*ASSIGNMENT*.
When you reach the line containing "Jugadores juveniles concentrados en Pando." in the records below, start copying exactly, and stop once you have copied the line containing "Рис. 2. Схема".

*GIVEN RECORDS*.
---------------
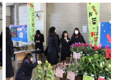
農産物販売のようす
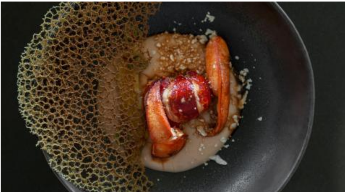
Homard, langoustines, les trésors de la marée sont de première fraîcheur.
---------------
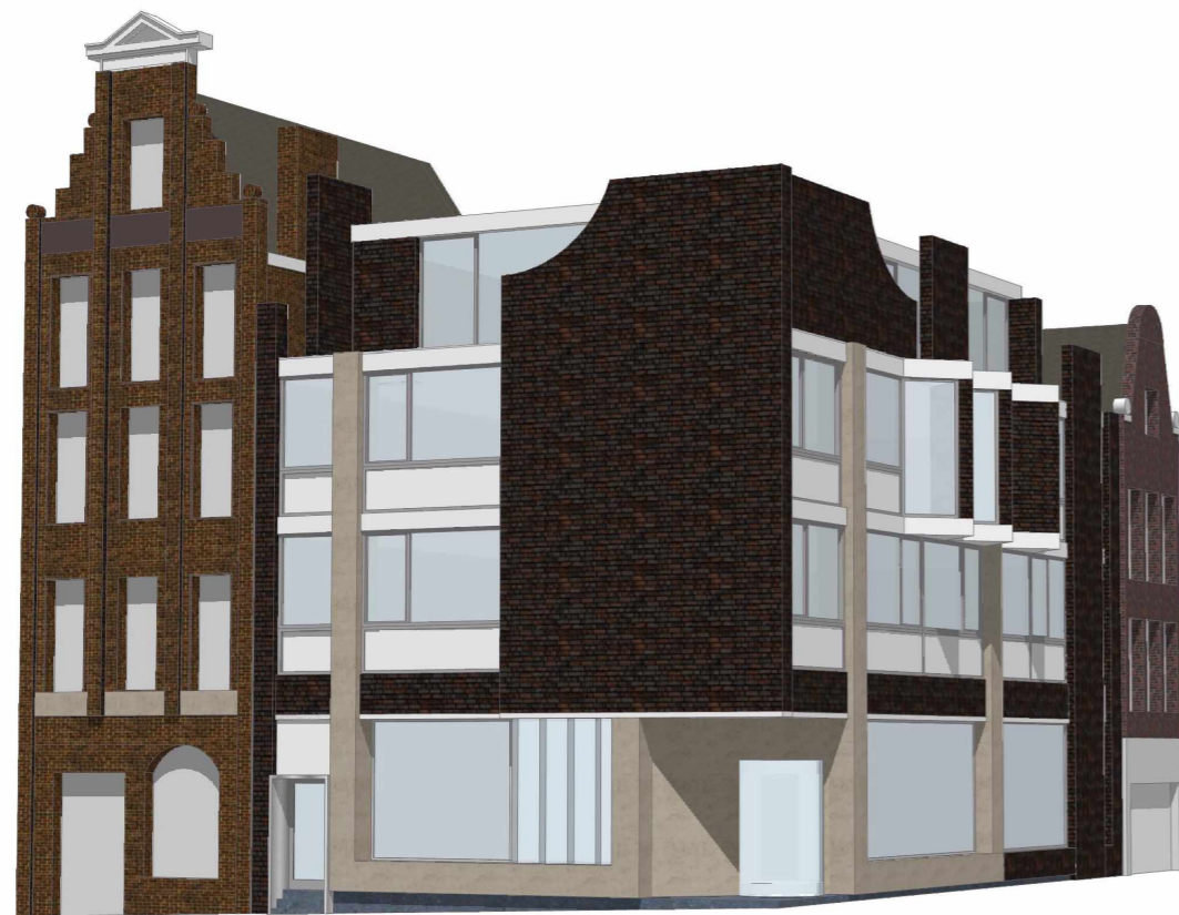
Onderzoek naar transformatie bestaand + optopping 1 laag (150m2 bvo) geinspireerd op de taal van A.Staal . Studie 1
---------------
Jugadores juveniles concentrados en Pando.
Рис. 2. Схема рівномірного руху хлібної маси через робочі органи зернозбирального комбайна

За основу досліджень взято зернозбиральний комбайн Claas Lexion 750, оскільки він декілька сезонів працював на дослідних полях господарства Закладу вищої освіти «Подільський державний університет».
---------------
*EXERCISE SOLUTION*.
Jugadores juveniles concentrados en Pando.
Рис. 2. Схема рівномірного руху хлібної маси через робочі органи зернозбирального комбайна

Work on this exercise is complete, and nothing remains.